Today the economy of the state is centered around cattle ranching, agriculture, rubber and Brazil nuts. Rubber, the product which brought hundreds of people from the North East region of Brazil to colonise the territory, is still important, being one of the principal export items of the state, along with timber and Brazil nuts. Acre has a free trade area in Brasiléia, 230 kilometres from Rio Branco, on the frontier with Bolivia. Apart from its economic importance, the town’s other attraction is the beauty of its majestic Brazil nut trees.

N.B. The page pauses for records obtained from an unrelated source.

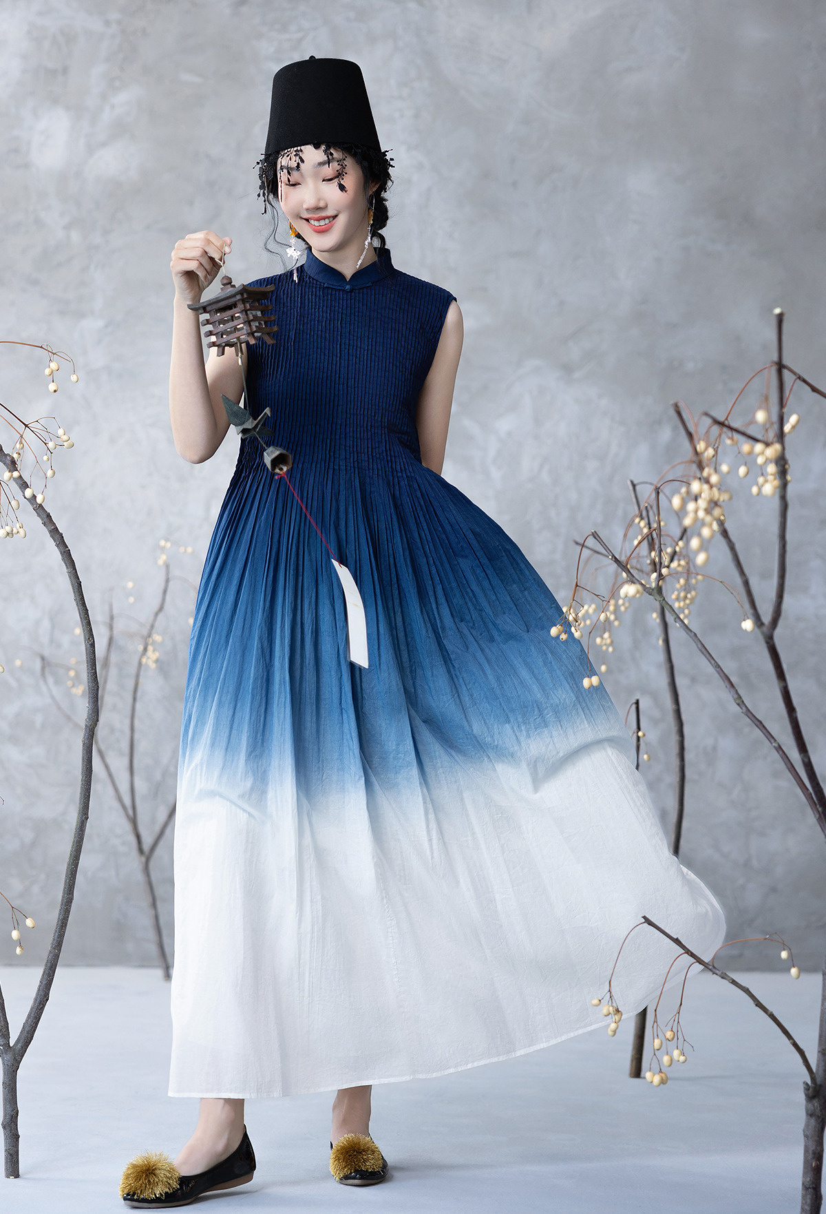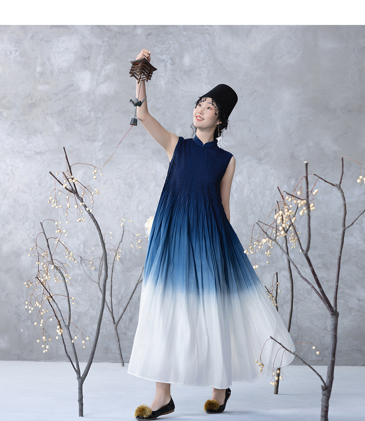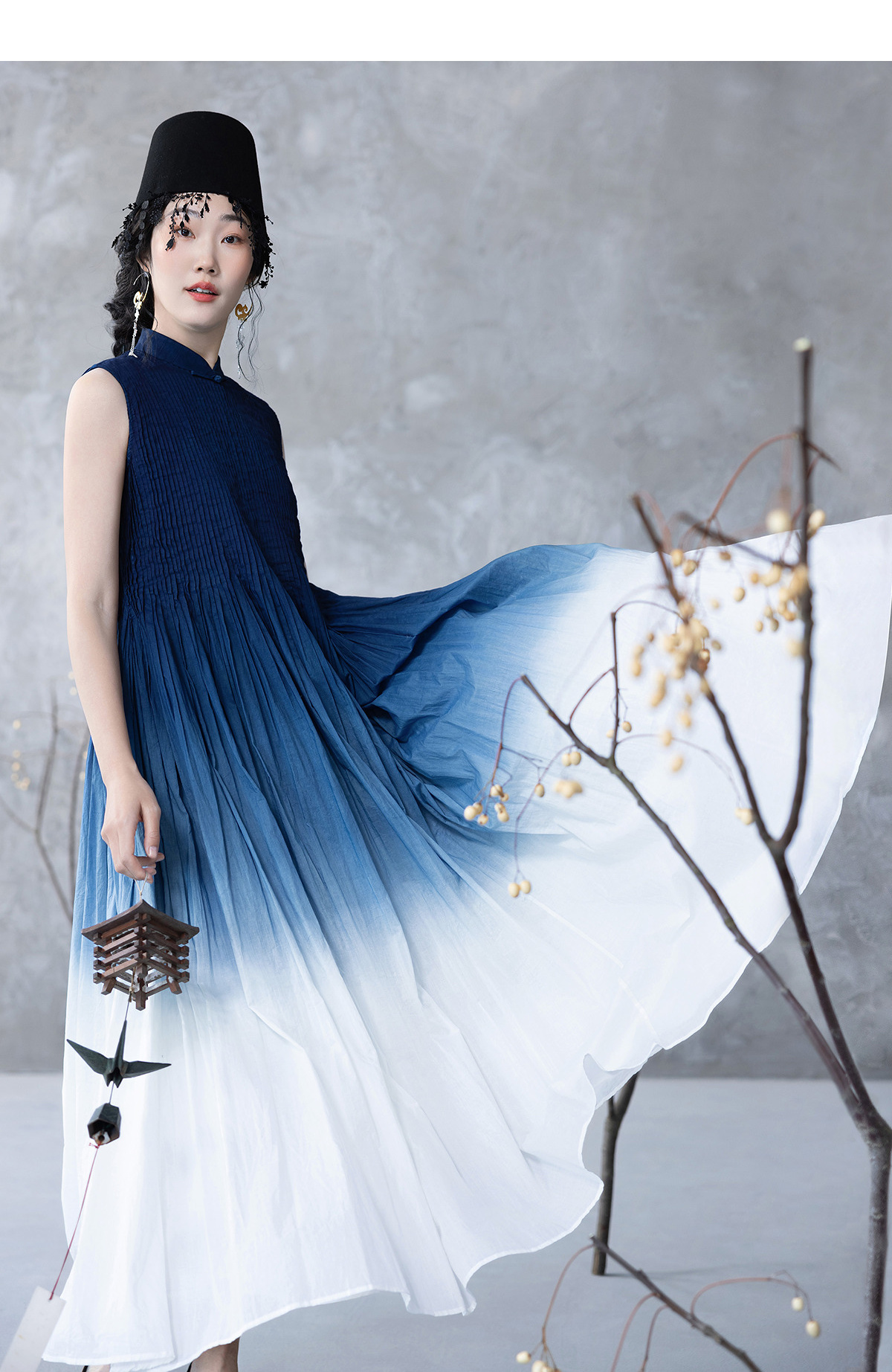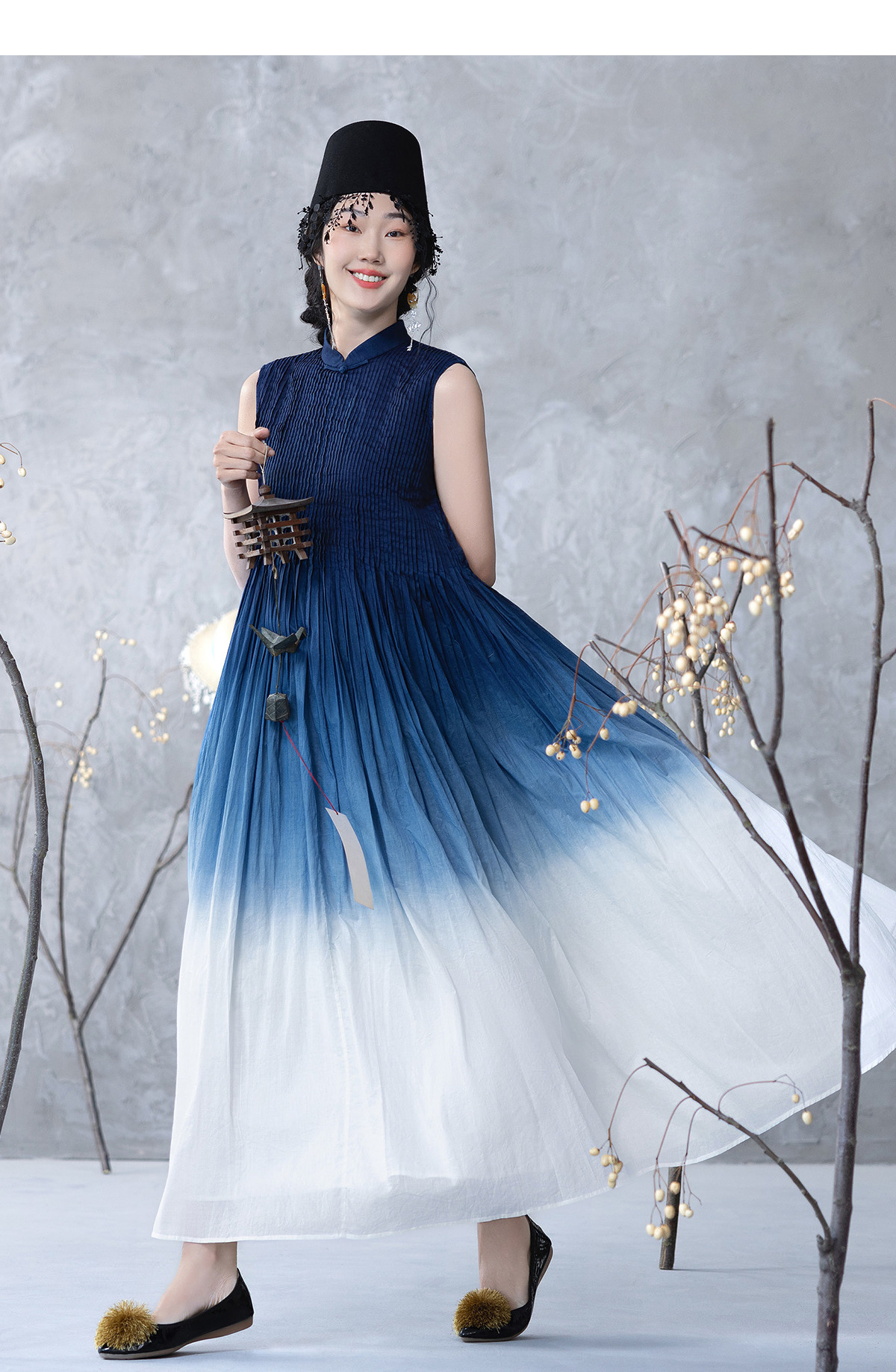 【林栖设计小店】婴儿棉连衣裙植物染立体牙签褶新中式2025春夏新品长裙女1952098
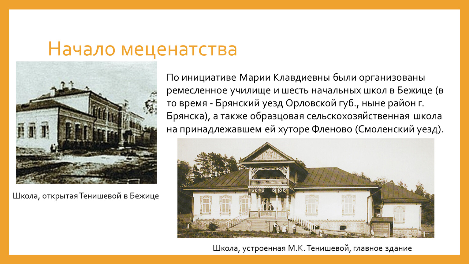 В Смоленске М.К. Тенишева открыла рисовальную школу в 1896 г., которая явилась своего рода филиалом ее Петербургской рисовальной студии, руководимой И.Е. Репиным.
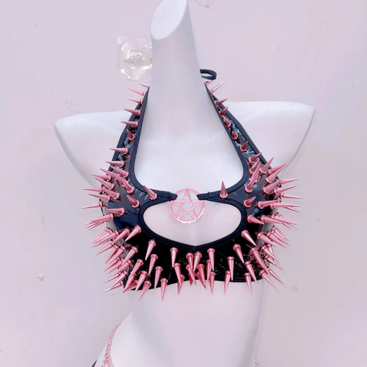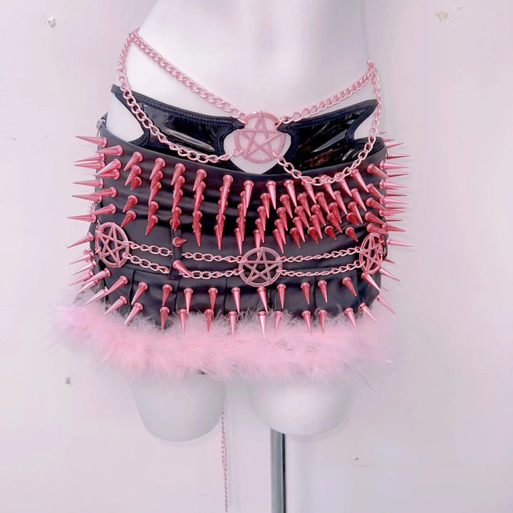 Halter rivet hollow out metal chain mini skirt set
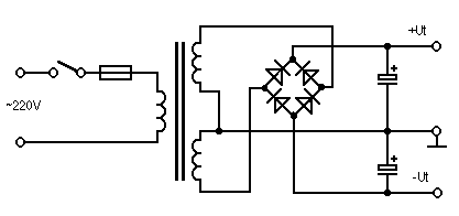 Van egy gyakorlati megfigyelés, miszerint az egyik táp kimaradása tönkreteszi az IC-t, ezért az egyenirányító elé szoktam helyezni a biztosítékot.
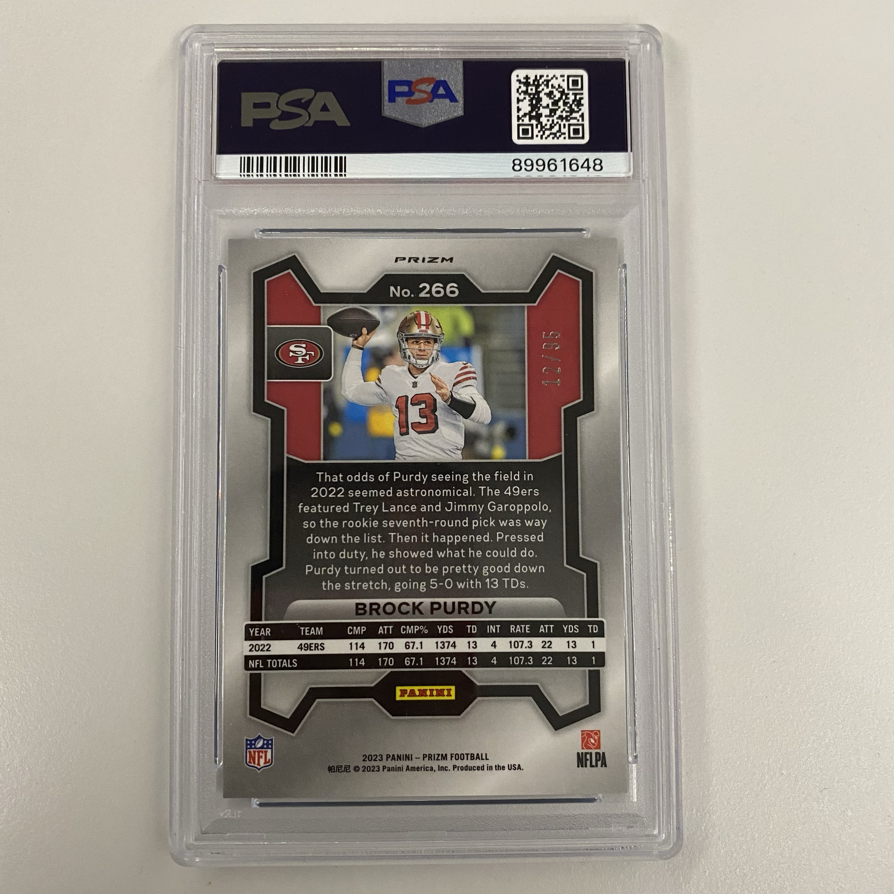2023 Panini Prizm Brock Purdy 布洛克 普尔迪 旧金山49人 12/95编 四分卫 蓝泡泡折 特卡 PSA10分
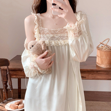 礼物女生美标春夏长袖真丝睡裙女复古法式蕾丝桑蚕丝绸睡衣家居服
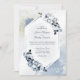 Eine elegante rustikale geometrische dustige blaue Aquarell Blumen Hochzeitseinladung. Das Hotel bietet ein einzigartiges Design, das sich an anderer Stelle nicht befindet und einen modernen rustikalen Charme unterstreicht.
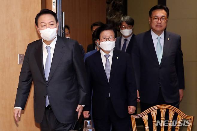 [서울=뉴시스] 전신 기자 = 윤석열 대통령이 24일 서울 용산 국방컨벤션에서 박병석 국회의장 등 국회의장단과 만찬장에 들어서고 있다. 2022.05.24. photo1006@newsis.com
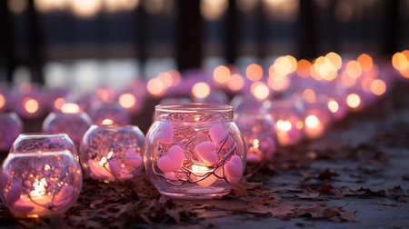 Tranquil Floating Candles Illuminating Calm Water Surface at Dusk, Evoking Serenity and Peaceful Ambiance in a Romantic Setting
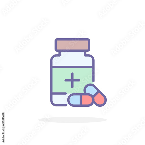 Fototapeta premium Pills bottle icon in filled outline style.
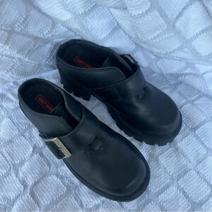 Vintage Harley Davidson Black Leather Chunky Buckle Slip On Platform Shoes 5.5
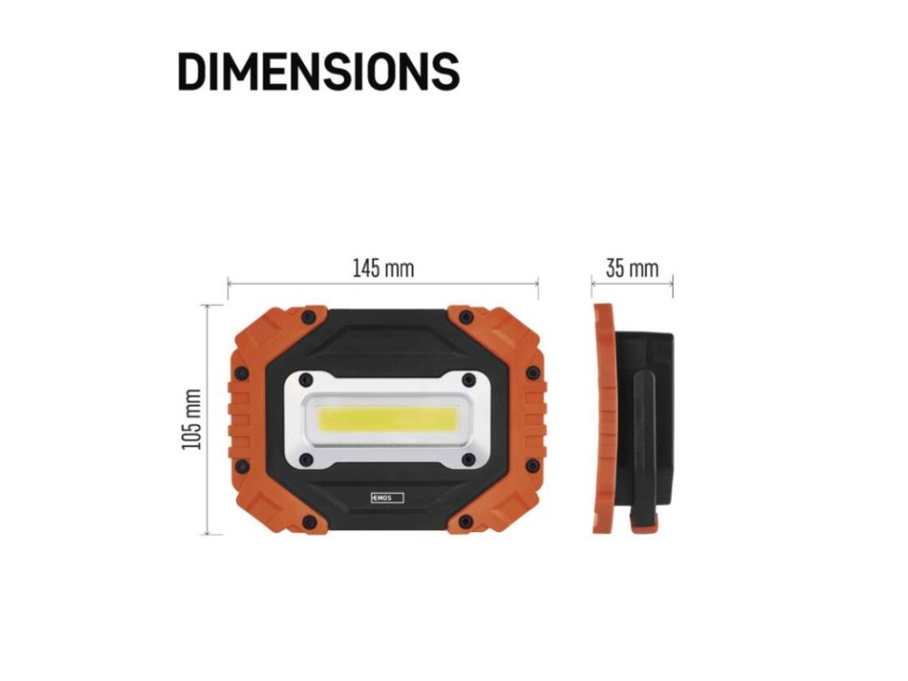 barva: černo-oranžová|baterie součástí balení: ne|doba nabíjení: neuvádí se|doba svícení: 8–14 h|doba svícení detail: COB LED 35 % – 14 h, COB LED 60 % – 11 h, COB 100 % – 8 h|dosvit: COB LED 35 % – 20 m, COB LED 60 % – 25 m, COB 100 % – 35 m|fokus: ne|hmotnost: 165 g|LED indikace nabíjení: neuvádí se|LED indikace stavu akumulátoru: neuvádí se|materiál: plast|maximální dosvit: 35 m|maximální světelný tok: 700 lm|nabíjecí: ne|napájení: 4× AA|nárazuvzdornost: ano|počet režimů svícení: 3|příslušenství: neuvádí se|prodejní obal: 1 ks, papírová krabička|režimy svícení: COB LED 35 %, COB LED 60 %, COB 100 %|rozměr: 145 ×105 × 35 mm|speciální funkce: funkce rychlého vypnutí|světelný tok: COB LED 35 % – 250 lm, COB LED 60 % – 400 lm, COB 100 % – 700 lm|typ baterie: LR6 (1,5 V)|typ napájecího konektoru: neuvádí se|voděodolnost: ano (IP43)|vybavení: otočná rukojeť|záruční doba: 2 roky|zdroj světla: COB LED|značka: EMOSObrázky jsou pouze ilustrativní.
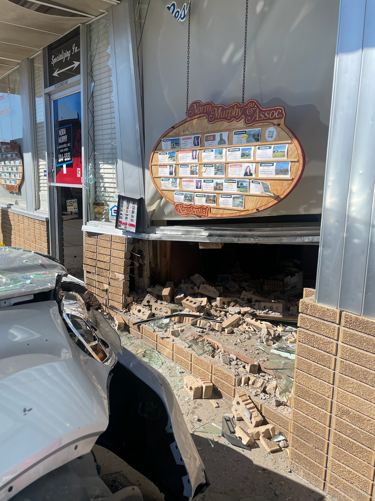 Both the vehicle and the building sustained damage, but there were no injuries and Norm Murphy continues to do business as usual.
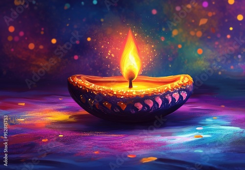 Illustration of Diwali, a colorful background with oil lamps and flowers in shades of purple

The Federal Government has defined and regulated several areas devoted to rubber tapping, among which that in Juruá, which carries the name of Chico Mendes. There is also in the state the Colônia Agrícola 5000, a community of the followers of the Santo Daime sect, whose principal ritual is the consumption of a tea made from a herb called ayauhasca. Drunk for centuries by the Indians of the Amazonian parts of Peru and Colombia, the herb is the origin of the sect. Ayauhasca is a kind of liana and is soaked and then boiled until it becomes a tea which, according to many of those who have drunk it, produces visions. There is much controversy about its effects. For many people it is an hallucinogenic drug, for others it is nothing more than a harmless tea, used in rituals and for treating various illnesses. In Brazil it is called Santo Daime because the founder of the sect, Raimundo Irineu Serra, used to pray using the words “dai-me força, dai-me luz” (give me strength, give me light).